DESCRIPTION OF THE TASK
Set down exactly the lines from the first line of the records through the line that contains "このプロジェクトはAll i", and leave every picture out.

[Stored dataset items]
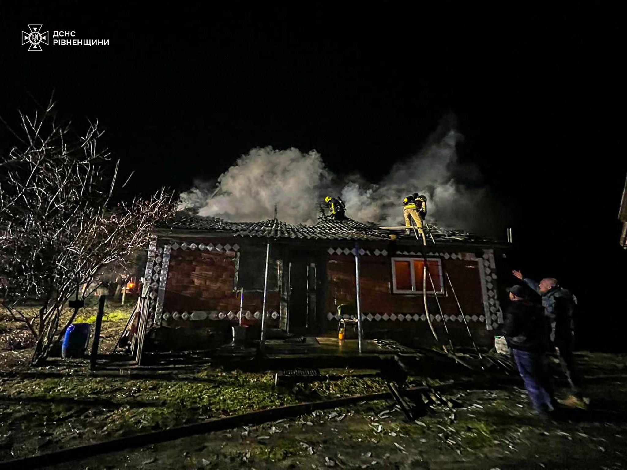 На місце виклику виїхали рятувальники 19-ї державної пожежно-рятувальної частини міста Костопіль та місцеві пожежні команди с. Головин та с. Яполоть. Вогнем було охоплено покрівлю житлового будинку. На гасіння оперативно було подано вогнегасні речовини.
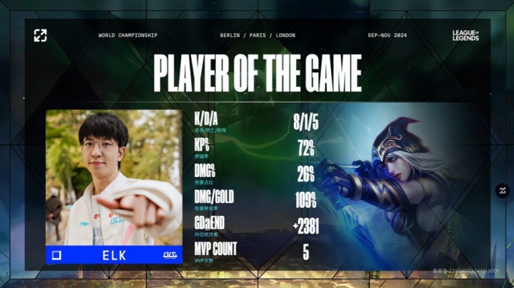 中期中路团战,ON芮尔开大吸三人,Elk艾希狂射拿到三杀,BLG打出0换3,放出先锋连续推掉T1中路两座外塔,经济瞬间领先4k。紧接着阿Bin下路将Faker打至残血,Elk艾希千里神箭去下击杀Faker。
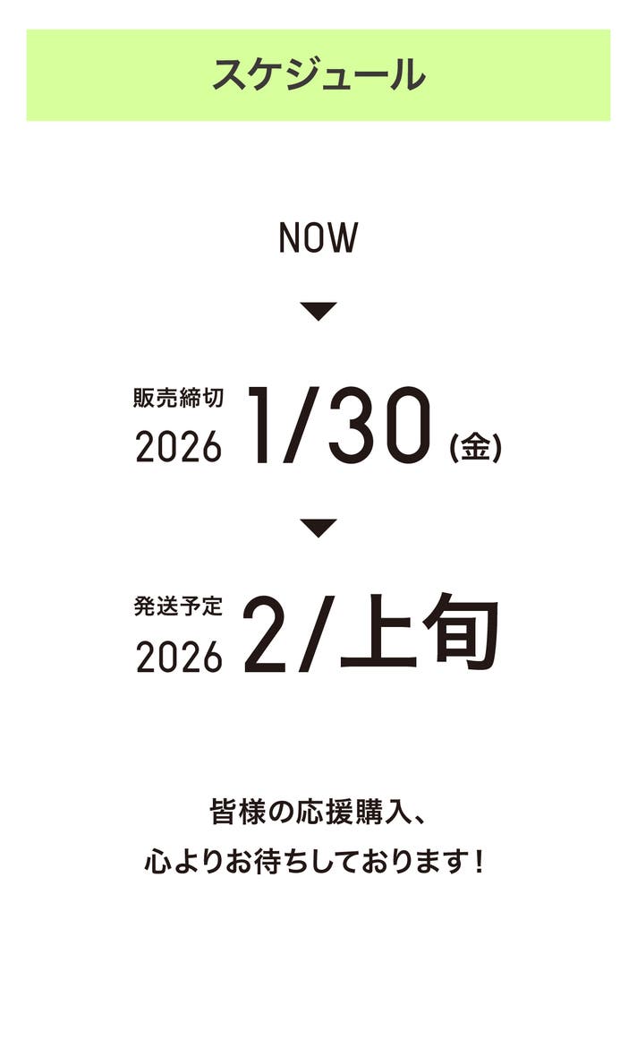 このプロジェクトはAll in型です。目標金額の達成に関わらず、プロジェクト終了日の2026年01月30日までに支払いを完了した時点で購入が成立します。
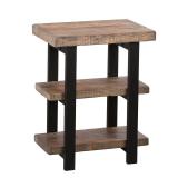 Somers End Table. Rustic Natural finish. Top Material Details: Solid Birch. Base Material Details: Metal. Overall 27'' H x 20'' W x 17'' D. Shelf 10'' H. Assembly Required: Yes. NEW IN FACTORY CARTON, PREVIEW FOR COMPLETE SATISFACTION. RETAIL PRICE $211.99 **(14)** |
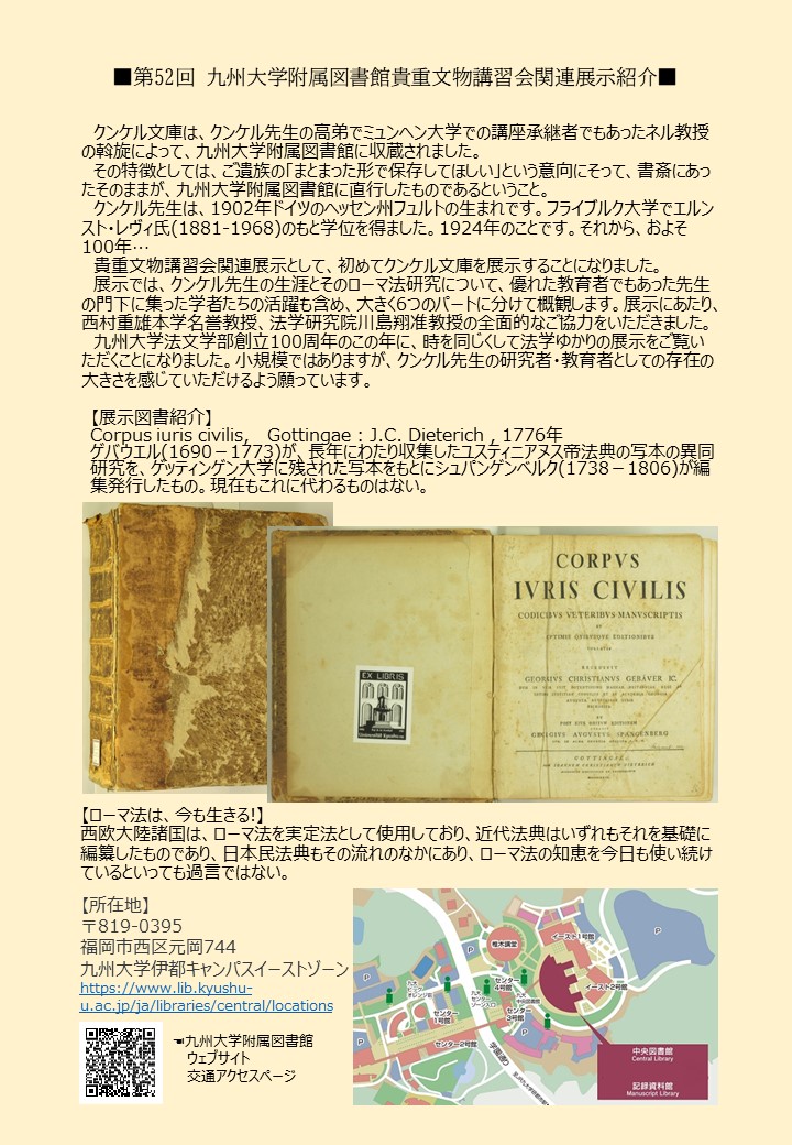 ■展示会「クンケル先生の書斎から ―遺文庫にみる そのローマ法研究―」
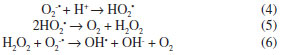 Os corante AM e AR apresentaram um tempo de fotodegradação de 90 min e o corante AO um tempo de 45 min, como pode ser observado na Figura 6A. Características inerentes ao corante como estrutura das moléculas, natureza dos grupos funcionais, absortividade molar, solubilidade e pureza dos reagentes são fatores que podem atuar diretamente na fotodegradação desses compostos, resultando neste perfil de degradação. Os sobrenadantes, após os tempos de irradiação solar correspondentes à total degradação de cada corante, foram analisados por TOC, pelo método da combustão catalítica a alta temperatura, e o resultado obtido foi negativo para carbono orgânico, indicando que o resultado do UV-Vis pode ser utilizado neste caso como o final da fotodegradação das moléculas orgânicas de corante. Foi observado que o fotocatalisador não apresentava qualquer coloração após os tempos de irradiação solar, usados para a total degradação das moléculas dos corantes em solução. Desta forma, quando determinamos por UV-Vis o final da fotodegradação, a análise por TOC do extrato confirma a total mineralização do corante nestas condições experimentais pelo fotocatalisador STc. Efeito do pH A influência do pH da solução aquosa do corante no desempenho fotocatalítico é mostrada na Figura 6B. Para o estudo da influência do pH da solução aquosa de corante os tempos de irradiação solar foram fixos, sendo de 90 minutos para o AM e AR e de 45 minutos para o AO. De acordo com a Figura 6B, a fotodegradação é mais efetiva para valores de pH acima de 5,0 para os corantes AO e AM e acima de 4,0 para o corante AR. O valor do pH das soluções dos corantes, sem ajustes adicionais, é de 5,9. O perfil do comportamento da fotodegradação dos corantes em relação ao pH da solução indica que em valores menores de 4,0 (para AR) e de 5,0 (para AO e AM) existe uma forte competição entre os prótons da solução e as moléculas dos corantes catiônicos pelos sítios ativos da superfície do fotocatalisador, diminuindo assim a concentração das moléculas dos corantes sobre a superfície do fotocatalisador e consequentemente diminuindo a eficiência fotocatalítica.59,60 Em meio básico o processo de fotodegradação é mais eficiente, devido, provavelmente, ao fato das hidroxilas presentes no meio poderem reagir com os buracos fotogerados (h+) na superfície do fotocatalisador e produzir mais radicais hidroxila, conforme a Equação 3.61 ![]() As reações em meio ácido proporcionam a formação de radicais hidroxila de forma bem mais lenta e em menor quantidade, como representado nas Equações 4 a 6.61 ![]() Efeito da variação da concentração inicial do corante Os estudos da variação da concentração inicial dos corantes também foram realizados fixando-se o tempo de irradiação solar. Para a solução de AM e AR o tempo de irradiação solar utilizado foi de 90 minutos e para as soluções de AO foi de 45 minutos. As concentrações das soluções dos corantes variaram de 1,0 × 10-5 a 8,0 × 10-5 mol L-1 para AM, de 1,0 × 10-5 a 5,6 × 10-5 mol L-1 para AR e de 1,0 × 10-5 a 8,0 × 10-5 mol L-1 para AO. De acordo com a Figura 6C, quanto maior a concentração inicial do corante menor a taxa de degradação nos tempos fixos utilizados. Considerando que a superfície do catalisador possui características adsorventes (sítios ácidos), um aumento da concentração dos corantes em solução provoca a diminuição da geração de radicais hidroxila na superfície dos catalisadores, uma vez que todos os sítios estão ocupados por moléculas de corante resultando, portanto, em menor eficiência fotocatalítica. Além disso, as moléculas de corante podem absorver a radiação UV e funcionar como uma barreira para a irradiação solar do fotocatalisador, consequentemente causando uma redução na produção de radicais como OH e O2.18,62 Estudo cinético Em estudos da cinética de fotodegradação de corantes, é comumente aceito que este processo obedeça a cinética de pseudo-primeira ordem.7,12,33,57,63 O modelo cinético de primeira ordem aparente pode ser representado pelo gráfico ln(C0/C) versus o tempo de exposição solar, onde C0 é a concentração inicial do corante e C é a concentração do corante após um determinado tempo de irradiação.33 Desta forma, a fim de verificar se este tipo de cinética se aplica ao presente caso, foram aplicados os modelos cinéticos de primeira ordem, segunda ordem e primeira ordem aparente aos dados experimentais. Os modelos de primeira ordem e de segunda ordem não apresentaram correlação com os dados do processo de fotodegradação dos corantes, somente o modelo de primeira ordem aparente. O gráfico ln(C0/C) versus t é mostrado na Figura 5S (material suplementar on line). Os coeficientes de correlação linear (R2) e as constantes de velocidade são mostrados na Tabela 1S (material sumplementar on line). Os valores da constante de velocidade obtidos foram 5,72 × 10-2 min-1 para o AM, 6,44 × 10-2 min-1 para o AR × 1,07 x 10-1 min-1 para o AO. Isto sugere que a absortividade molar dos corantes pode influenciar diretamente na cinética de fotodegradação, pois o corante AO que possui a menor absortividade molar dentre os corantes utilizados, como mostrado na Tabela 1S (material suplementar on line), é o corante que se degrada mais rapidamente (45 min). Recuperação e reutilização do fotocatalisador Um dos aspectos mais importante nos processos de fotodegradação é a facilidade de recuperação e a possibilidade de reutilização do fotocatalisador. Verificamos que o fotocatalisador STc pode ser reutilizado mais de 50 vezes sem perda significativa da sua eficiência fotocatalítica. A comparação dos tempos de contato necessários para a degradação total do corante AM no primeiro ciclo de utilização do material com o tempo de contato do ciclo número 50 demonstrou uma perda de eficiência menor do que 2%. I

RESULT OF THIS EXERCISE
 На місце виклику виїхали рятувальники 19-ї державної пожежно-рятувальної частини міста Костопіль та місцеві пожежні команди с. Головин та с. Яполоть. Вогнем було охоплено покрівлю житлового будинку. На гасіння оперативно було подано вогнегасні речовини.
 中期中路团战,ON芮尔开大吸三人,Elk艾希狂射拿到三杀,BLG打出0换3,放出先锋连续推掉T1中路两座外塔,经济瞬间领先4k。紧接着阿Bin下路将Faker打至残血,Elk艾希千里神箭去下击杀Faker。
 このプロジェクトはAll in型です。目標金額の達成に関わらず、プロジェクト終了日の2026年01月30日までに支払いを完了した時点で購入が成立します。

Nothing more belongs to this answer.